• _Data segment_:

▽

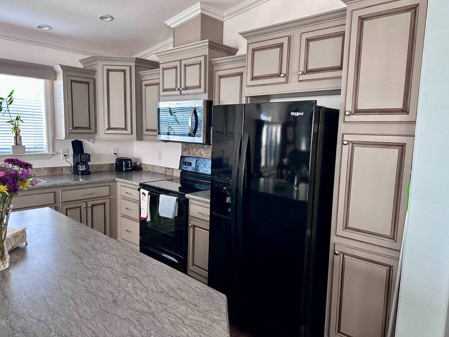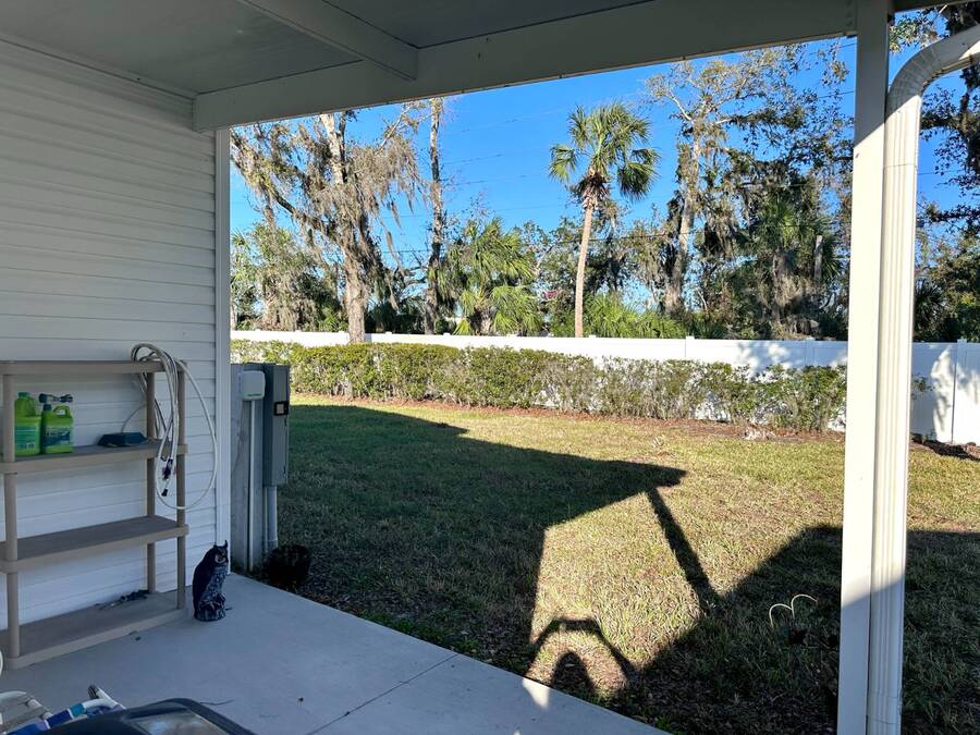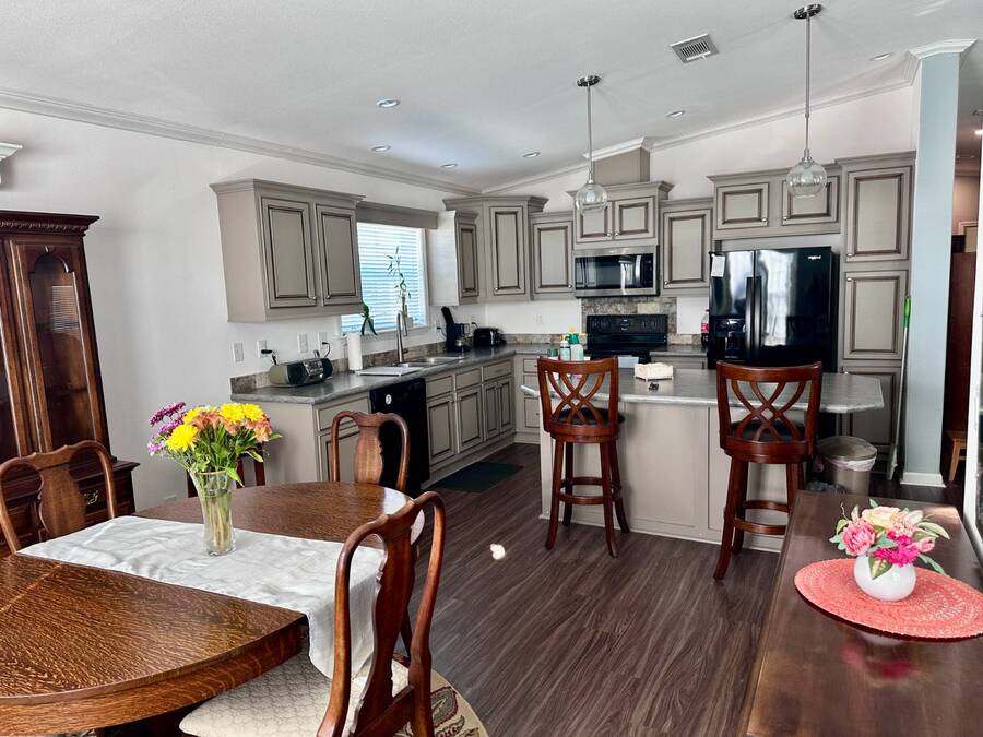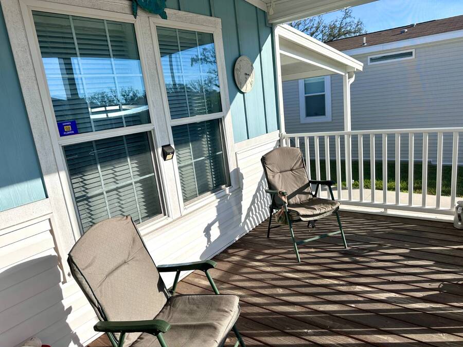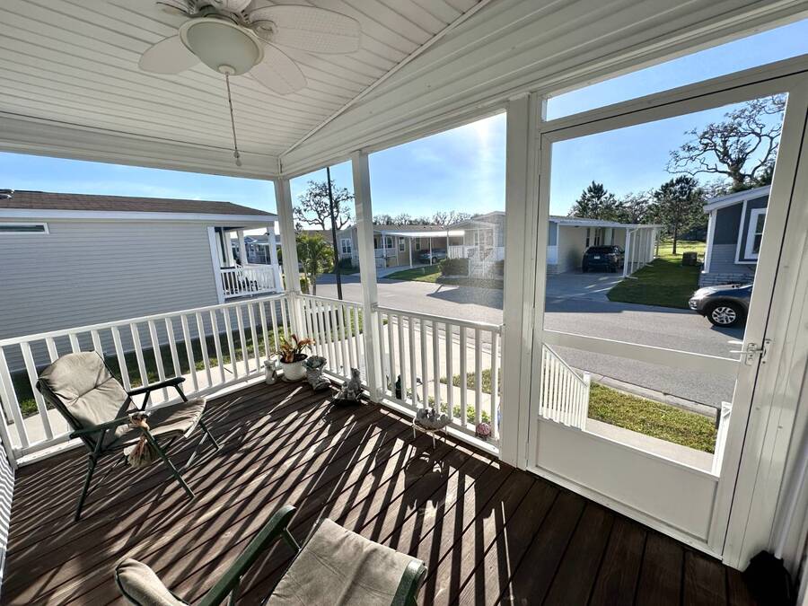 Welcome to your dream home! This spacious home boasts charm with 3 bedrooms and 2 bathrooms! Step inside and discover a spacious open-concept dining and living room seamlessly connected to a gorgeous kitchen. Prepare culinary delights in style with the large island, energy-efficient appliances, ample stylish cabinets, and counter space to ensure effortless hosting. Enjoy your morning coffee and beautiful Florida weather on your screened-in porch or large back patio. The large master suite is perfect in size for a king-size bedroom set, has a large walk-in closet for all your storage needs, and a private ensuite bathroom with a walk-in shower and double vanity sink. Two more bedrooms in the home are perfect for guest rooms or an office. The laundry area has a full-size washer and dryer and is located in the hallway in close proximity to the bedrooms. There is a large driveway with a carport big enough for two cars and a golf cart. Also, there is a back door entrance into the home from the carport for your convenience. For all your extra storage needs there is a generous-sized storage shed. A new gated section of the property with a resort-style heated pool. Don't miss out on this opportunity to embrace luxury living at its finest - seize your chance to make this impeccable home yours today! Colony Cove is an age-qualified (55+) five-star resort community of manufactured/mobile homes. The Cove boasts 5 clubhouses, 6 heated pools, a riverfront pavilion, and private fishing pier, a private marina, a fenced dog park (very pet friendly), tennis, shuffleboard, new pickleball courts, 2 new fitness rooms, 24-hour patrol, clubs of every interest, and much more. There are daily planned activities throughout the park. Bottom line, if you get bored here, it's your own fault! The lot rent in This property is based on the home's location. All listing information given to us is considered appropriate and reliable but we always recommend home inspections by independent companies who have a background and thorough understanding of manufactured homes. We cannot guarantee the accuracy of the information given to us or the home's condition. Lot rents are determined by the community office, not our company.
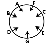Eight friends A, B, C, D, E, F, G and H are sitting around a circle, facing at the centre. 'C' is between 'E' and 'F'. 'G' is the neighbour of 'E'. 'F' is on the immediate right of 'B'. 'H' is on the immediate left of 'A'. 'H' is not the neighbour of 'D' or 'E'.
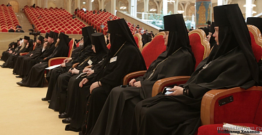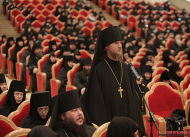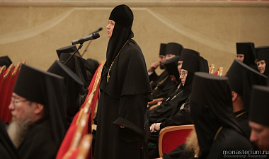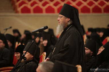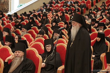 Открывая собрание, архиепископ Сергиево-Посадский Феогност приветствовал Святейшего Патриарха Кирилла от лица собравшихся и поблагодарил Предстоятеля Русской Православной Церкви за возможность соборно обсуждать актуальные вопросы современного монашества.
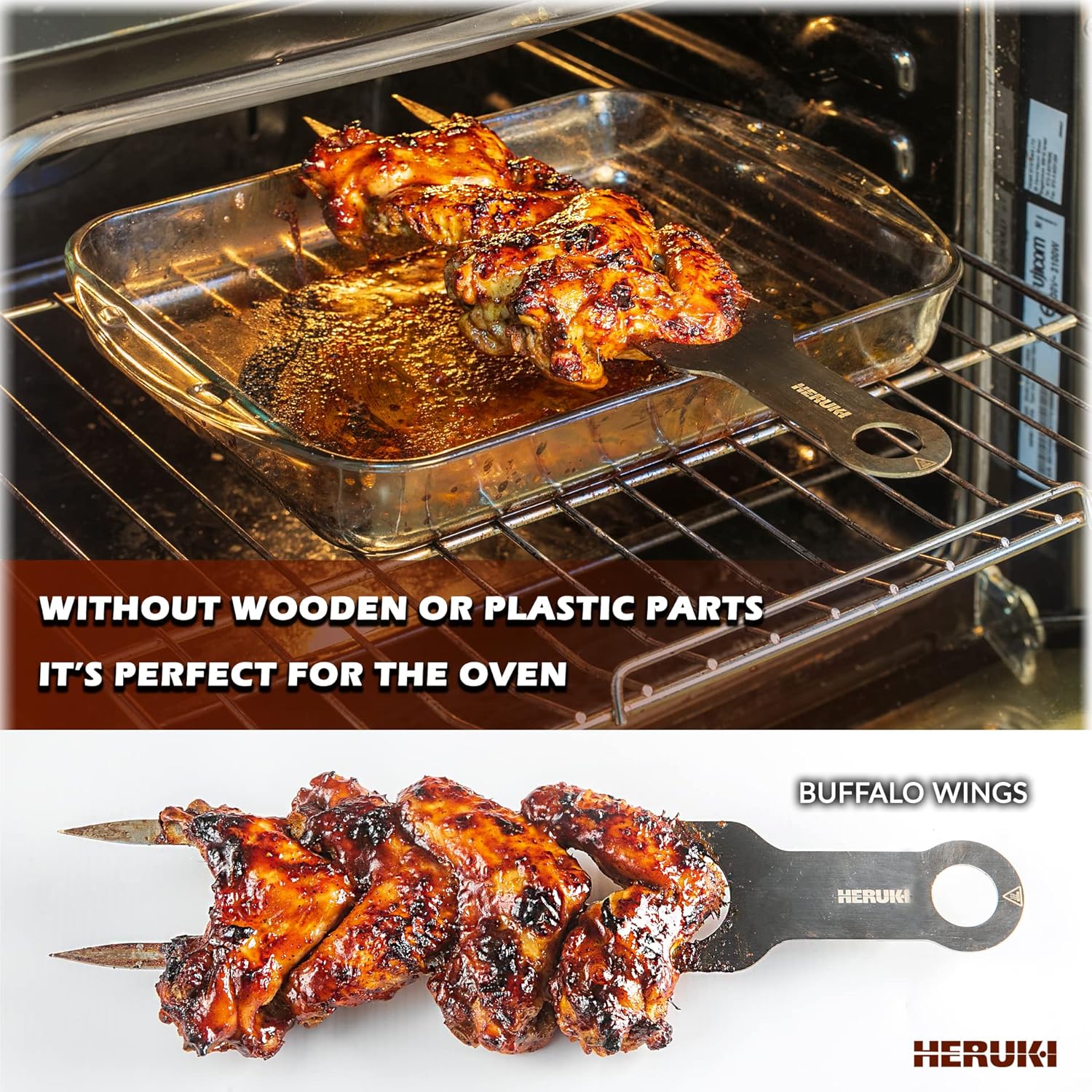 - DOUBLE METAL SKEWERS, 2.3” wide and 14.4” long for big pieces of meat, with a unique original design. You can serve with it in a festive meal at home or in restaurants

△

• _Work request_: None of the pictures belong in the copy; transcribe the rest of the data exactly.

• _Exercise result_:
 Welcome to your dream home! This spacious home boasts charm with 3 bedrooms and 2 bathrooms! Step inside and discover a spacious open-concept dining and living room seamlessly connected to a gorgeous kitchen. Prepare culinary delights in style with the large island, energy-efficient appliances, ample stylish cabinets, and counter space to ensure effortless hosting. Enjoy your morning coffee and beautiful Florida weather on your screened-in porch or large back patio. The large master suite is perfect in size for a king-size bedroom set, has a large walk-in closet for all your storage needs, and a private ensuite bathroom with a walk-in shower and double vanity sink. Two more bedrooms in the home are perfect for guest rooms or an office. The laundry area has a full-size washer and dryer and is located in the hallway in close proximity to the bedrooms. There is a large driveway with a carport big enough for two cars and a golf cart. Also, there is a back door entrance into the home from the carport for your convenience. For all your extra storage needs there is a generous-sized storage shed. A new gated section of the property with a resort-style heated pool. Don't miss out on this opportunity to embrace luxury living at its finest - seize your chance to make this impeccable home yours today! Colony Cove is an age-qualified (55+) five-star resort community of manufactured/mobile homes. The Cove boasts 5 clubhouses, 6 heated pools, a riverfront pavilion, and private fishing pier, a private marina, a fenced dog park (very pet friendly), tennis, shuffleboard, new pickleball courts, 2 new fitness rooms, 24-hour patrol, clubs of every interest, and much more. There are daily planned activities throughout the park. Bottom line, if you get bored here, it's your own fault! The lot rent in This property is based on the home's location. All listing information given to us is considered appropriate and reliable but we always recommend home inspections by independent companies who have a background and thorough understanding of manufactured homes. We cannot guarantee the accuracy of the information given to us or the home's condition. Lot rents are determined by the community office, not our company.
Eight friends A, B, C, D, E, F, G and H are sitting around a circle, facing at the centre. 'C' is between 'E' and 'F'. 'G' is the neighbour of 'E'. 'F' is on the immediate right of 'B'. 'H' is on the immediate left of 'A'. 'H' is not the neighbour of 'D' or 'E'.
 Открывая собрание, архиепископ Сергиево-Посадский Феогност приветствовал Святейшего Патриарха Кирилла от лица собравшихся и поблагодарил Предстоятеля Русской Православной Церкви за возможность соборно обсуждать актуальные вопросы современного монашества.
 - DOUBLE METAL SKEWERS, 2.3” wide and 14.4” long for big pieces of meat, with a unique original design. You can serve with it in a festive meal at home or in restaurants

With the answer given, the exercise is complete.